FAMILY ISSUES REPORTER

Attention all women of a certain age. No need for extreme measures to fight off middle-age spread. Instead, it only takes five minutes a day of biking or brisk walking to head off those extra pounds, according to a new study.

Researchers at Harvard School of Public Health followed more than 18,000 healthy premenopausal women over 16 years and found those who added as little as five minutes of biking a day to their routine experienced less weight gain.

Women who walked briskly for five minutes daily also decreased the risk of extra pounds, said the study, published this week in the journal Archives of Internal Medicine.

“It’s not as hard as you think,” said Anne Lusk, research fellow at Harvard and lead author of the study.

She said the main message for women is that exercise doesn’t have to be punishing, sweat-laden or subject to finger-wagging. Building it gradually into a daily routine, especially as transportation, is enough to improve health and help prevent obesity.

“See how you can put it into your daily life,” said Lusk. “If it becomes a habit and is convenient, you’ll tend to do it more often. Then the physical activity is almost subliminal.”

That sums up Nancy Kendrew’s approach to biking. She uses her bike to get to work, pick up groceries and do her errands. In really bad weather, she walks briskly. At 57, she’s healthy and fit, plays hockey in winter and paddles a kayak through the summer.

“I have to honestly say I don’t even think of biking as exercise.
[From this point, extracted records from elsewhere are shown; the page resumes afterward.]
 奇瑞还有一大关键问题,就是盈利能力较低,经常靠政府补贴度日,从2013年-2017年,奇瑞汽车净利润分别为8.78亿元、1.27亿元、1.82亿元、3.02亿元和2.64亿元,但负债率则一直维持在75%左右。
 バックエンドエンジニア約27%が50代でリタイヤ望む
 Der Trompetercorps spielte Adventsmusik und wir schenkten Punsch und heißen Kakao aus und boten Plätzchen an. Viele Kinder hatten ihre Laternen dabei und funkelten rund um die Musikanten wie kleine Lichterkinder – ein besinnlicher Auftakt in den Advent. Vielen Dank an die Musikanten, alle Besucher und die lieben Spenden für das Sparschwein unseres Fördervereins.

I just think of it as something I do in my daily life,” said Kendrew, one of the founding members of Urbane Cyclist bike shop in downtown Toronto.
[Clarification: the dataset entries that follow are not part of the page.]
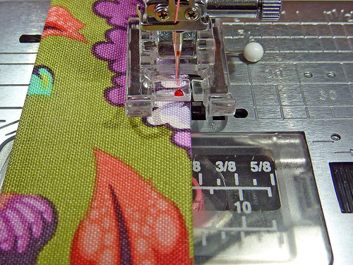 - Using a ½” seam allowance, stitch along the top and bottom of each pair. Along the top, if the piping was placed accurately as shown above, a ½” seam allowance should run right along the inside edge of the piping cord. If needed, adjust the foot and/or the needle position to keep your seam as close to the piping cord and as even as possible. We again used our Janome Zipper foot.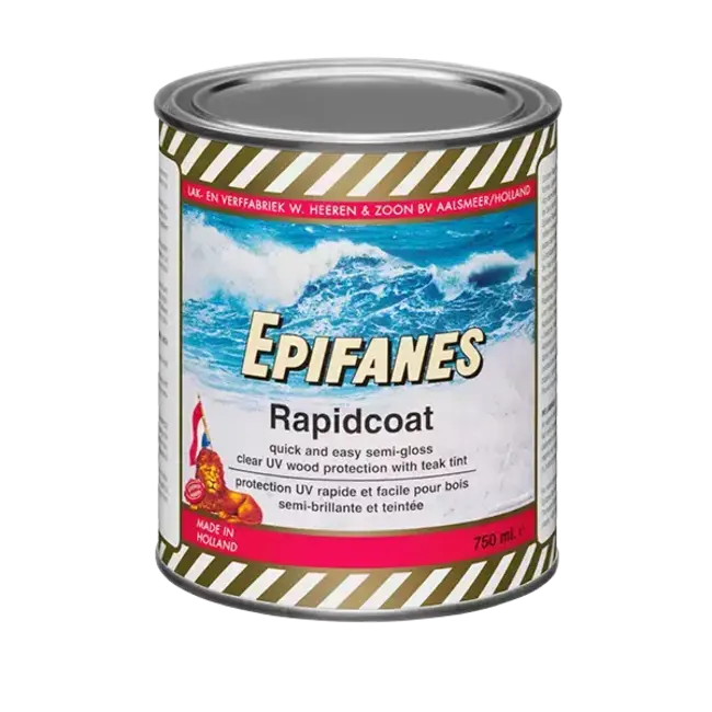 A UV resistant semi-gloss wood finish, based on modified alkyd/urethane resins. The answer for a quick and easy alternative to conventional varnish. For long-term protection and enhancement of all interior and exterior marine and household woods above the waterline. It bonds extremely well to teak and other oily woods, prevents discoloration and emphasizes the natural grain of the wood. Quick drying, excellent breathing properties, flexibility, maximum durability and longevity. To be used as quick drying, building and/or finishing system on all interior and exterior marine and household woods above the waterline. Also suited as quick drying primercoat prior to Epifanes Clear Varnish and Woodfinish Gloss (sand with 220). Maintenance of intact one and two-component varnish systems regardless of brand. A light brown, nutty coloration.
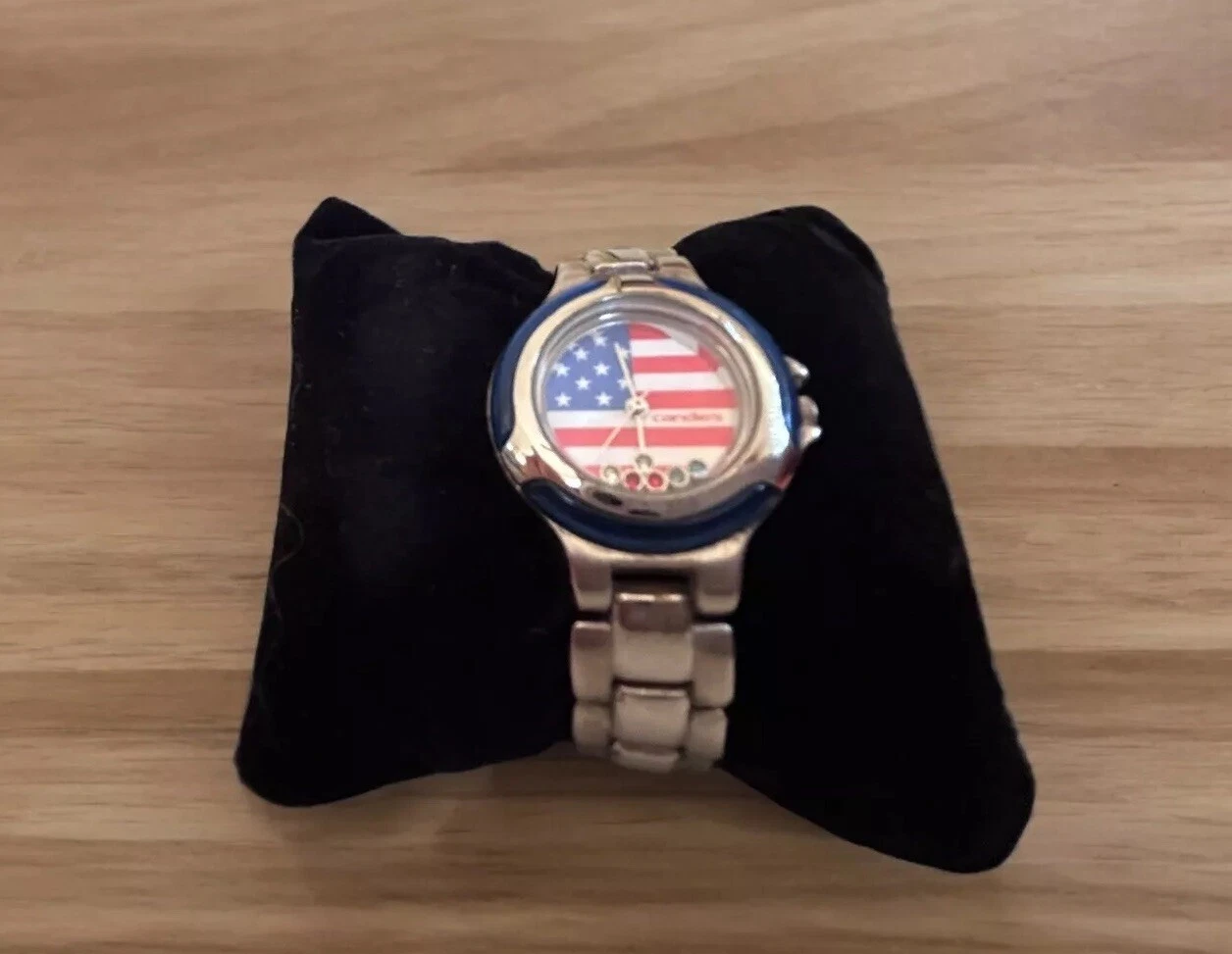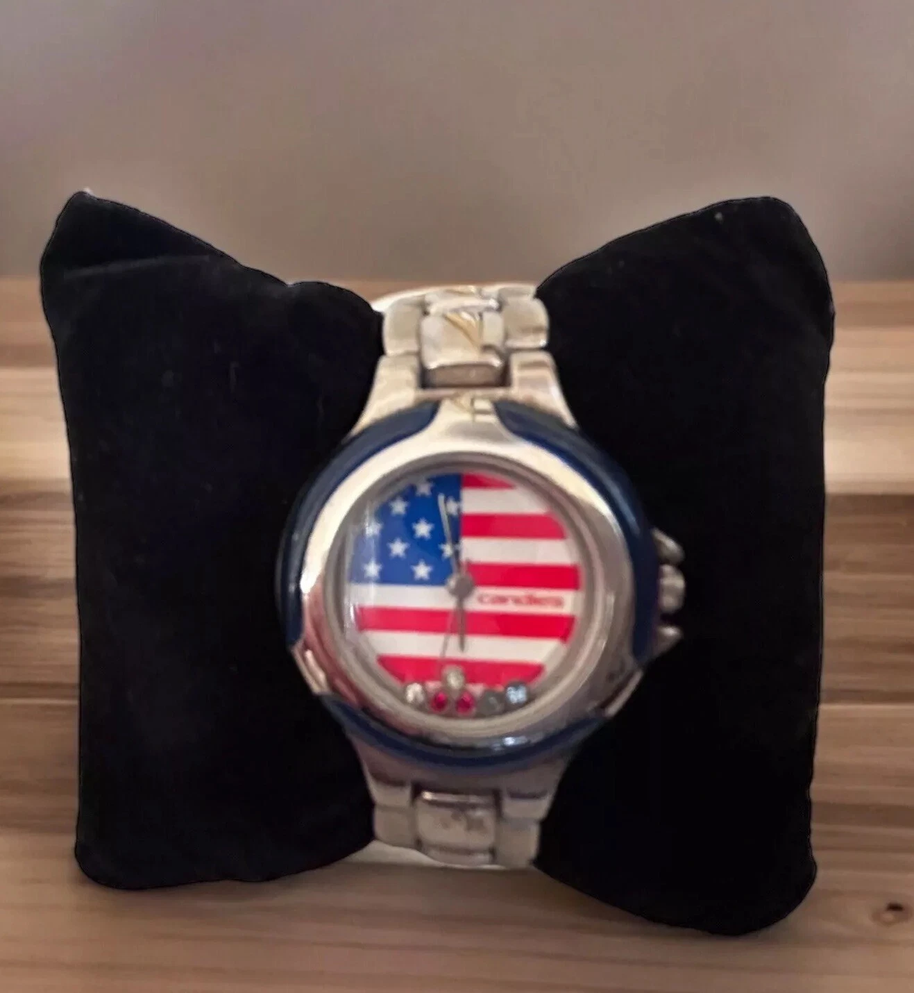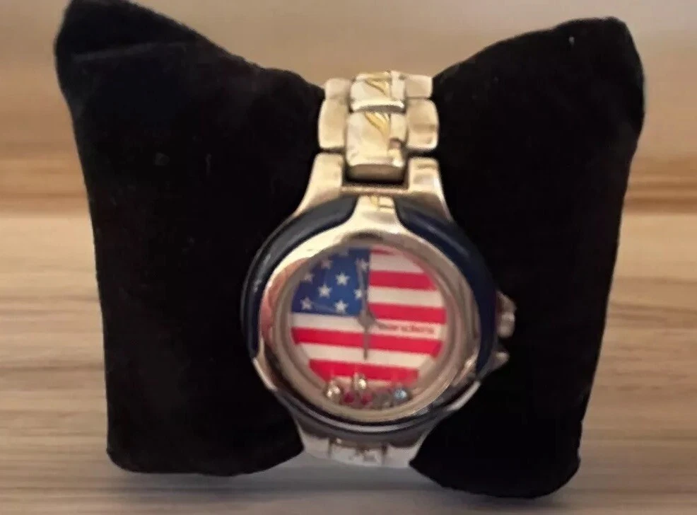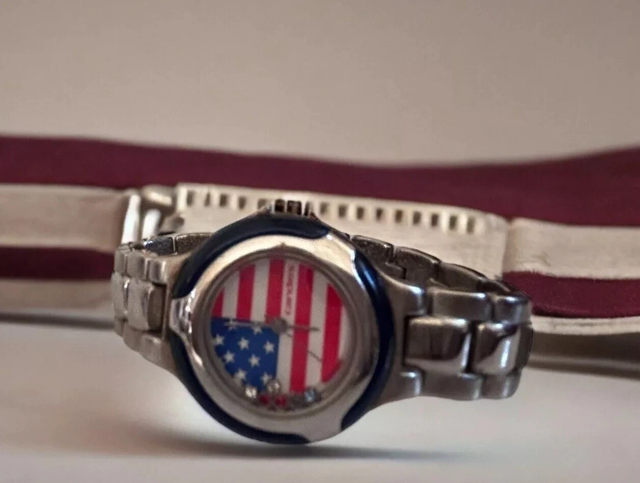 Vintage CANDIES AMERICAN FLAG Rhinestone ACCENTS Watch JAPAN NEW BATTERY 6.25”

She says it’s cheaper, healthier for both her and the environment, and more practical.

“I just think it’s the freedom of movement. On your bicycle you’re on your own schedule.”

In the Harvard study, the positive results from five minutes of daily biking showed up regardless of intensity. But to get the same preventive effect from walking, it has to be at a rate of about 140 steps per minute — “as if you’re late for the bus.” Slow walking offered no advantage.

She noted that overweight and obese women benefited the most by adding the daily activity and that for them, biking was easier and more comfortable than walking briskly.

The research comes on the heels of a study last week that also stressed the benefits gained from only a few minutes of exercise. That study, from Massachusetts General Hospital, found 10 minutes a day can trigger profound and lasting changes in metabolism and improve overall health.

The findings make sense to Erin Billowits, founder of Vintage Fitness in Toronto, which specializes in fitness for people over 50.

“What an extra five or 10 minutes of exercise will do is create a positive cycle of change,” she says. It can kickstart more exercise because people enjoy it, and inspire healthier eating and lifestyles.

Billowits recommends adding exercises to strengthen and stretch muscles to the daily routine.

Many are frustrated at the natural tendency to put on weight as they approach menopause, particularly around the midriff.

“You have to change to stay the same. So maybe those five minutes (of biking or brisk walking) can help you to stay as you are.”